▸ **Exercise brief**
Copy out the data below from the line containing "Cel de-al doilea" to the line containing "Beautiful artificial wedding", both lines included, with all images left out.

━━━━

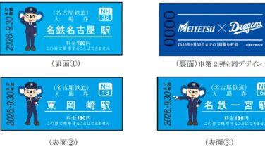 ナゴヤトトピック名鉄の全273駅がドアラとコラボ!「中日ドラゴンズ コラボ硬券入場券」が10月11日より順次発売開始! どこで買える?【まとめ】 名古屋鉄道では、「鉄道の日」である10月14日を記念して中日ドラゴンズとのコラボレーション企画「ドドド!Myベストオーダー」キャンペーンを実施。名鉄の全273駅の駅名と球団公式マスコット「ドアラ」がデザインされた「中日ドラゴンズ コラボ硬券... 2025年10月10日ナゴヤトトピックナゴヤトマトメ
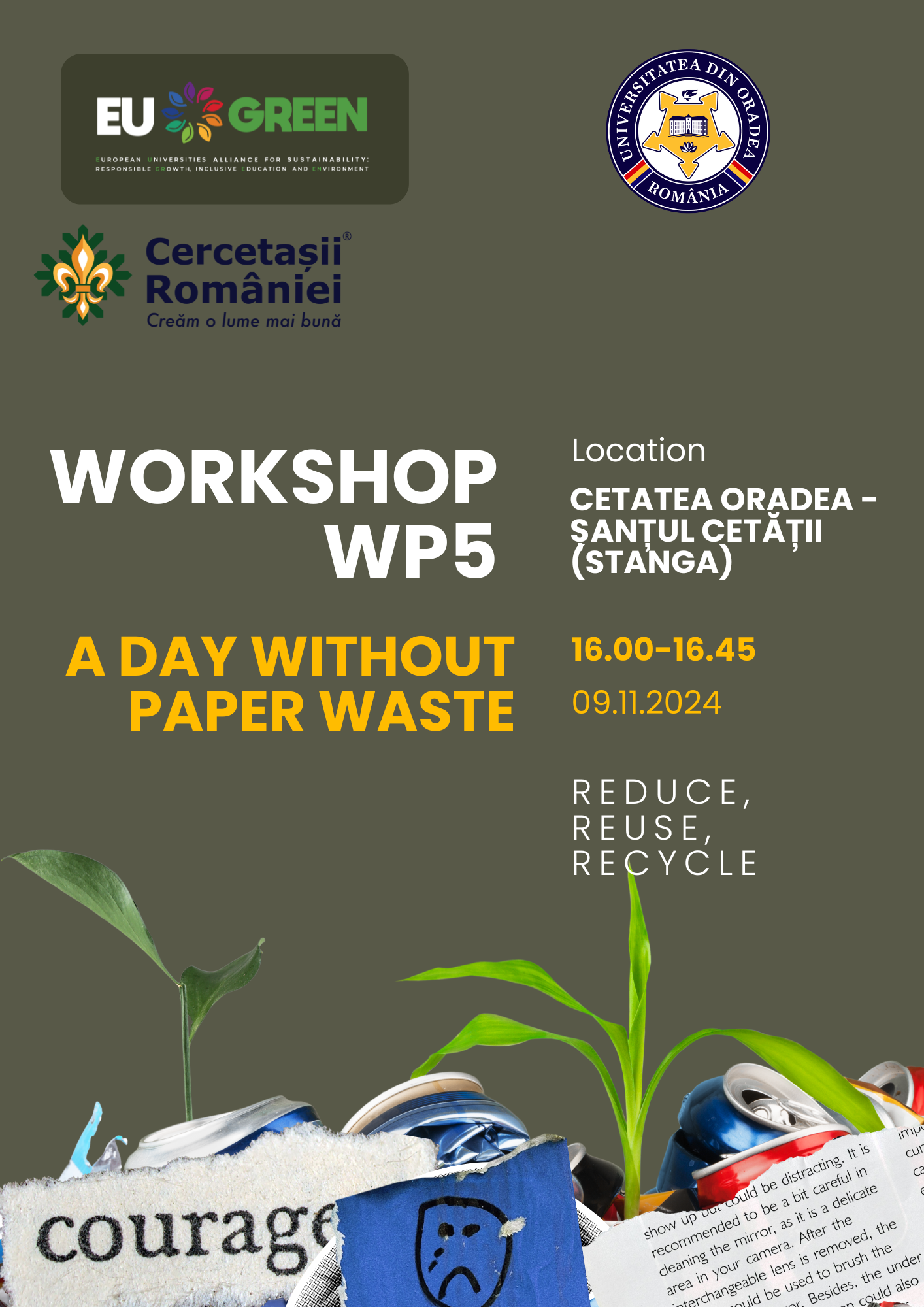 Cel de-al doilea atelier, organizat de WP 5 „Engagement” al EU GREEN, își propune să atragă atenția asupra problemelor legate de risipa de hârtie și impactul acestui fenomen asupra mediului. „Workshop-urile sunt gândite pentru a sprijini activ comunitatea în eforturile sale de incluziune și coeziune socială”, afirmă prof. univ. dr. habil. Anca Dodescu, prorector al Universității din Oradea și coordonator al activităților EU GREEN la nivelul instituției academice.
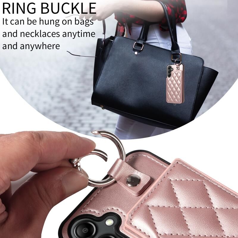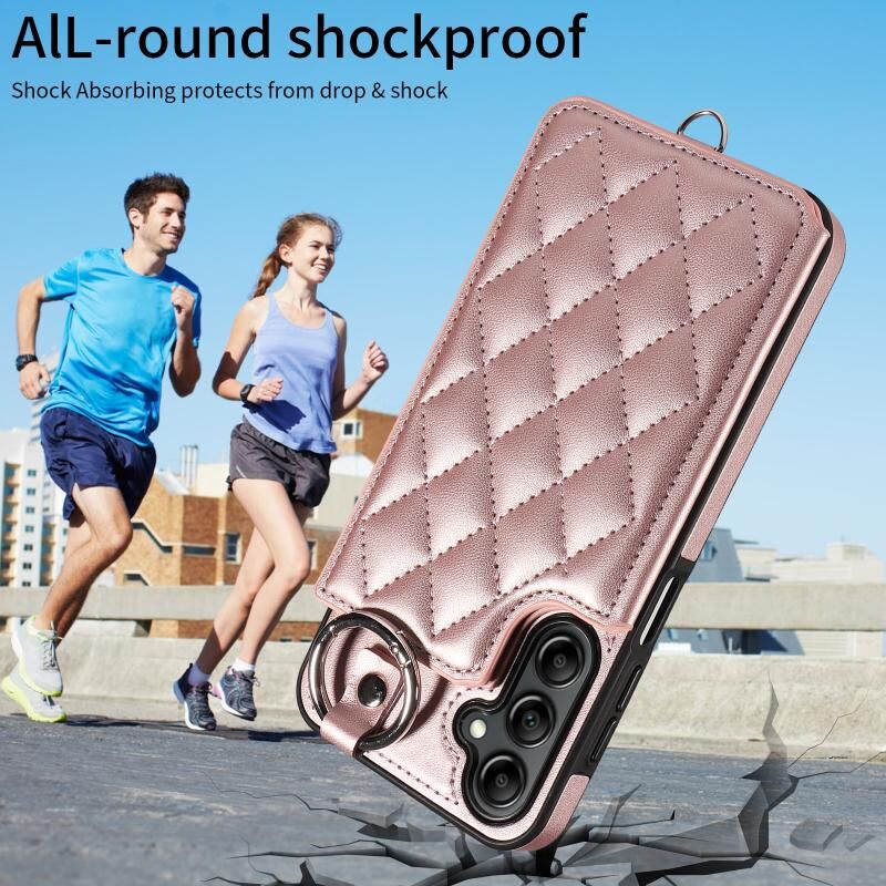 Για Samsung Galaxy A14 4G / 5G Rhombic υφή κάρτα τσάντα υπόθεση τηλεφώνου με σύντομο κορδόνι (Ροζ χρυσός)
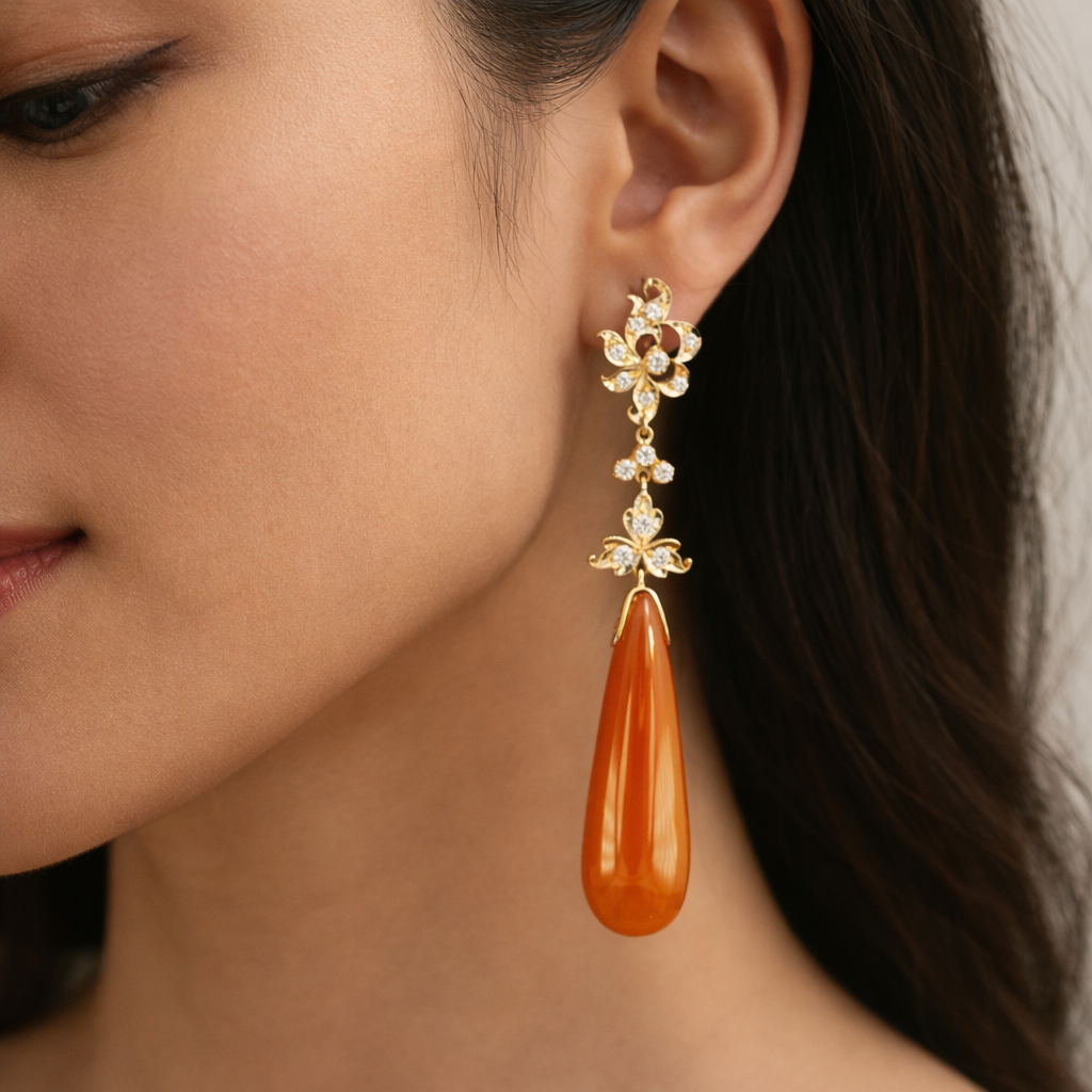Peranakan Diamond & Brown Jade Flower Earrings – Timeless Heritage with Luxurious Sparkle
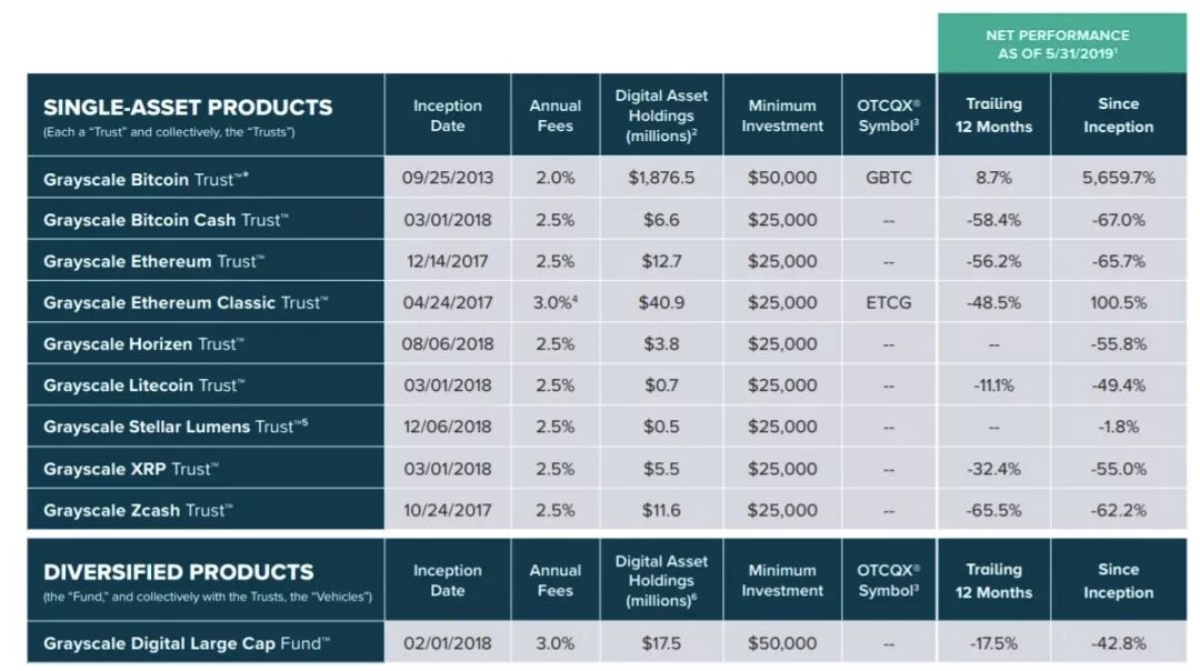 (截至2019年5月31日,灰度所发布的投资基金种类及每个基金所投资的产品)
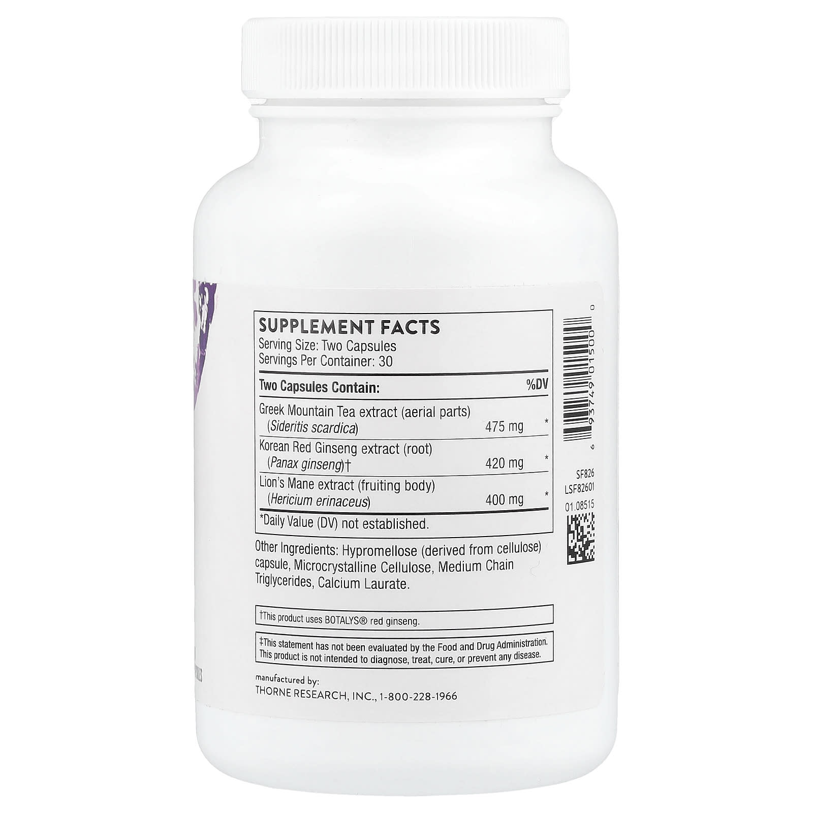 Thorne Ginseng Plus com Juba-de-Leão 60 Cápsulas – Thorne Suplementos Ervas Ginseng Cogumelos Juba de Leão.
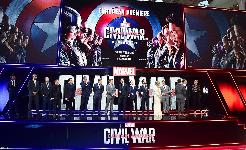 A horas del estreno Mundial de Captain America: Civil War, los actores y el equipo del film realizaron la última premiere en el Reino Unido, donde pasaron los actores, directores, productores y más, por la alfombra roja. Al evento acudieron, además de los protagonistas como Chris Evans o Robert Downey Jr, otros actores del elenco como Emily VanCamp (Sharon Carter), Samuel L. Jackson (Nick Fury), Paul Bettany (Vision), y Daniel Bruhl (Zemo).
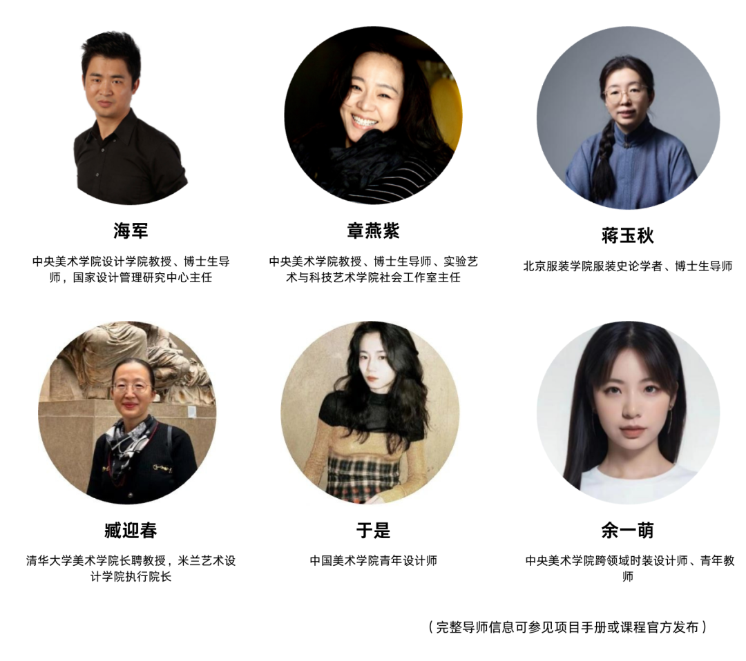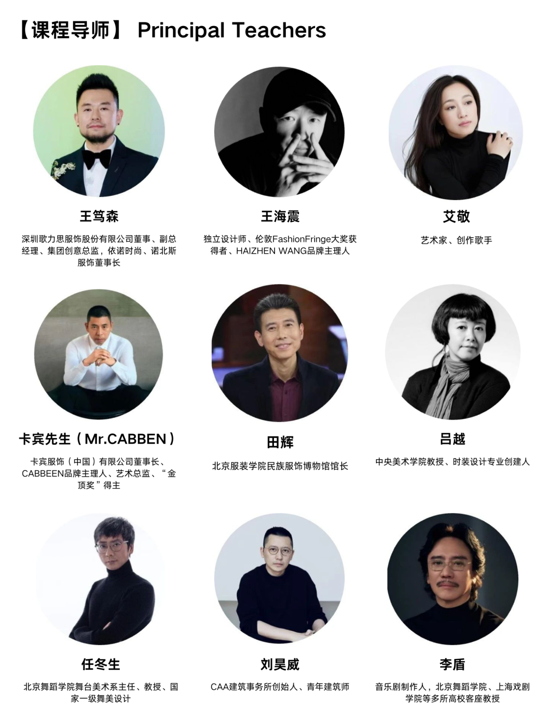 課程邀請中國及國際時尚、藝術、文化領域眾多領袖和專家共同授課。主要導師包括(按姓氏筆畫排序)
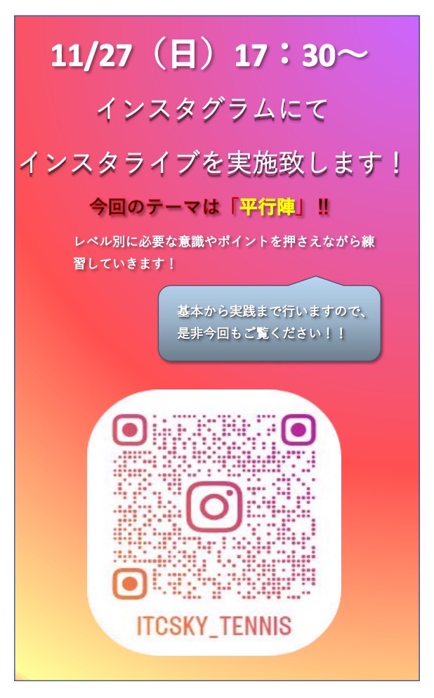 明日、11月27日 17時半より、インスタグラム内でライブ配信を行います!
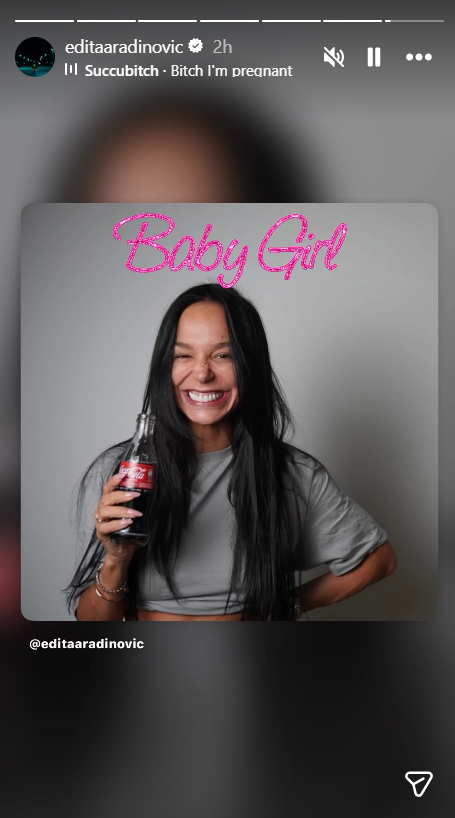Пејачката Едита Арадиновиќ потврди дека е во блажена состојба на својот инстаграм-профил, а многумина мислат дека во таа прилика го откри и полот на детето.
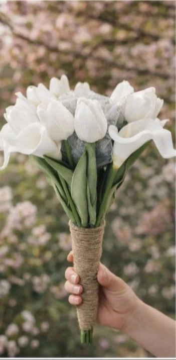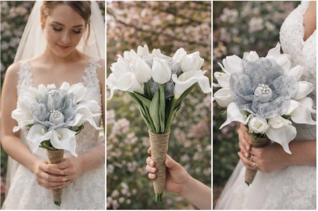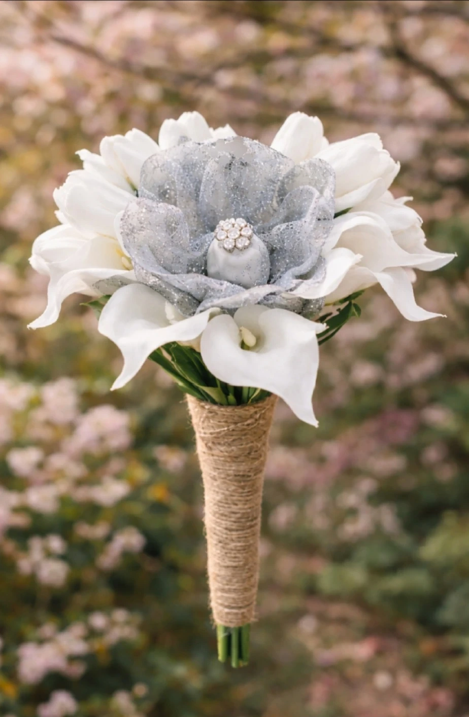 Beautiful artificial wedding bouquet with white calla lilies and tulips. It features a sparkly silver accent flower with rhinestone details. The handle is wrapped in natural jute twine. This bouquet is perfect for a bride's special day!
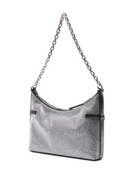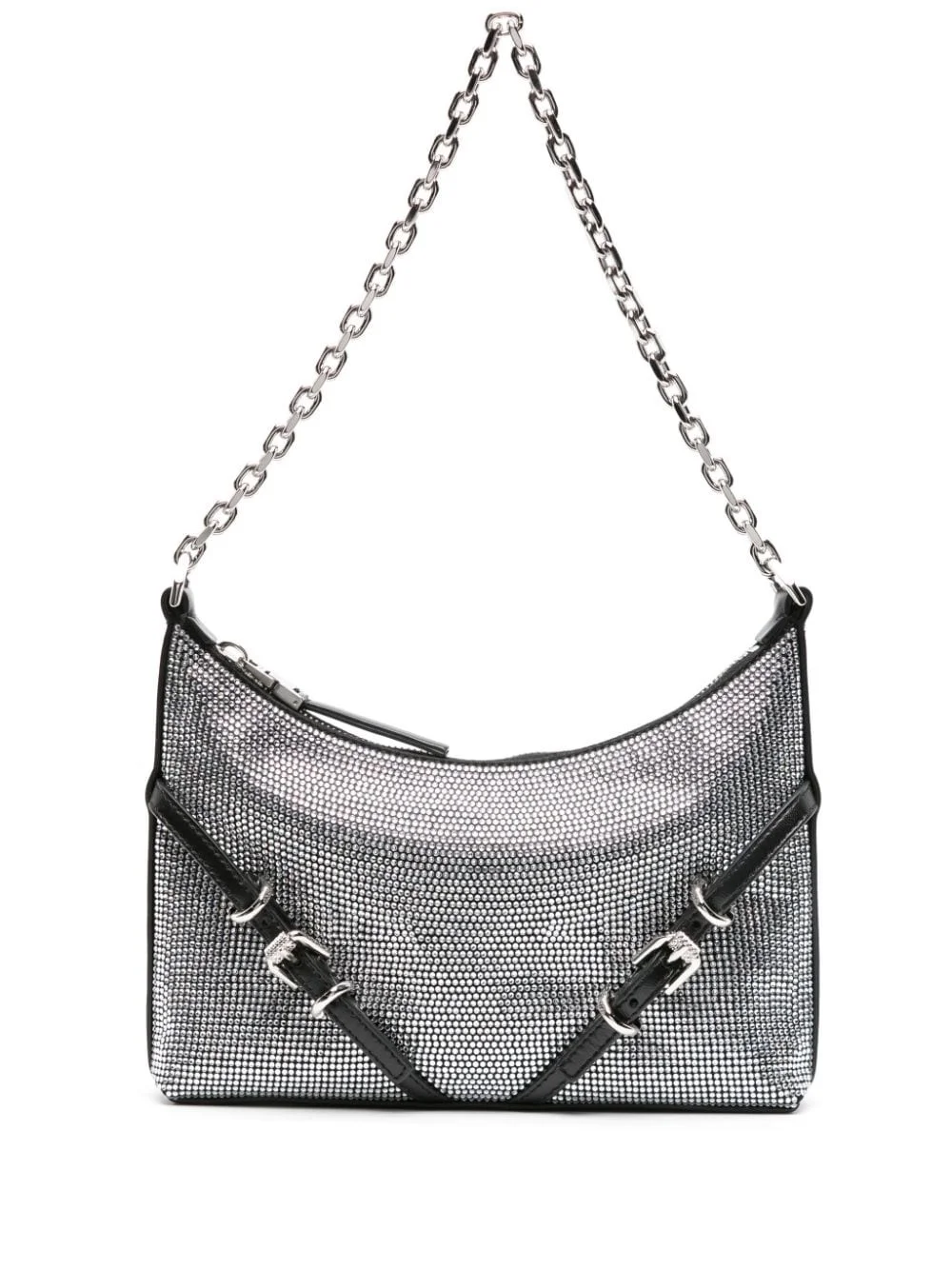 Voyou Party rhinestone-embellishment bag Highlights - Black/silver - Faux-leather panel detail - Rhinestone embellishment - Decorative buckle detail - Logo-engraved silver-tone hardware - Internal logo patch - Top zip fastening - Single chain-link top handle - Main compartment - Full lining - This piece comes complete with a protective dust bag. Made in Italy Composition Outer: Viscose 72%, Silk 28% SIZE & FIT Model measurements Height 5 ft 10 in(1.78 m) Bust/Chest 32.67 in(83 cm) Hips 35.43 in(90 cm) Waist 23.22 in(59 cm) Measurement DEPTH 1.57 in(4 cm) HANDLE 9.84 in(25 cm) HEIGHT 5.9 in(15 cm) WIDTH 8.66 in(22 cm)

━━━━

▸ **Exercise answer**
 Cel de-al doilea atelier, organizat de WP 5 „Engagement” al EU GREEN, își propune să atragă atenția asupra problemelor legate de risipa de hârtie și impactul acestui fenomen asupra mediului. „Workshop-urile sunt gândite pentru a sprijini activ comunitatea în eforturile sale de incluziune și coeziune socială”, afirmă prof. univ. dr. habil. Anca Dodescu, prorector al Universității din Oradea și coordonator al activităților EU GREEN la nivelul instituției academice.
 Για Samsung Galaxy A14 4G / 5G Rhombic υφή κάρτα τσάντα υπόθεση τηλεφώνου με σύντομο κορδόνι (Ροζ χρυσός)
Peranakan Diamond & Brown Jade Flower Earrings – Timeless Heritage with Luxurious Sparkle
 (截至2019年5月31日,灰度所发布的投资基金种类及每个基金所投资的产品)
 Thorne Ginseng Plus com Juba-de-Leão 60 Cápsulas – Thorne Suplementos Ervas Ginseng Cogumelos Juba de Leão.
 A horas del estreno Mundial de Captain America: Civil War, los actores y el equipo del film realizaron la última premiere en el Reino Unido, donde pasaron los actores, directores, productores y más, por la alfombra roja. Al evento acudieron, además de los protagonistas como Chris Evans o Robert Downey Jr, otros actores del elenco como Emily VanCamp (Sharon Carter), Samuel L. Jackson (Nick Fury), Paul Bettany (Vision), y Daniel Bruhl (Zemo).
 課程邀請中國及國際時尚、藝術、文化領域眾多領袖和專家共同授課。主要導師包括(按姓氏筆畫排序)
 明日、11月27日 17時半より、インスタグラム内でライブ配信を行います!
Пејачката Едита Арадиновиќ потврди дека е во блажена состојба на својот инстаграм-профил, а многумина мислат дека во таа прилика го откри и полот на детето.
 Beautiful artificial wedding bouquet with white calla lilies and tulips. It features a sparkly silver accent flower with rhinestone details. The handle is wrapped in natural jute twine. This bouquet is perfect for a bride's special day!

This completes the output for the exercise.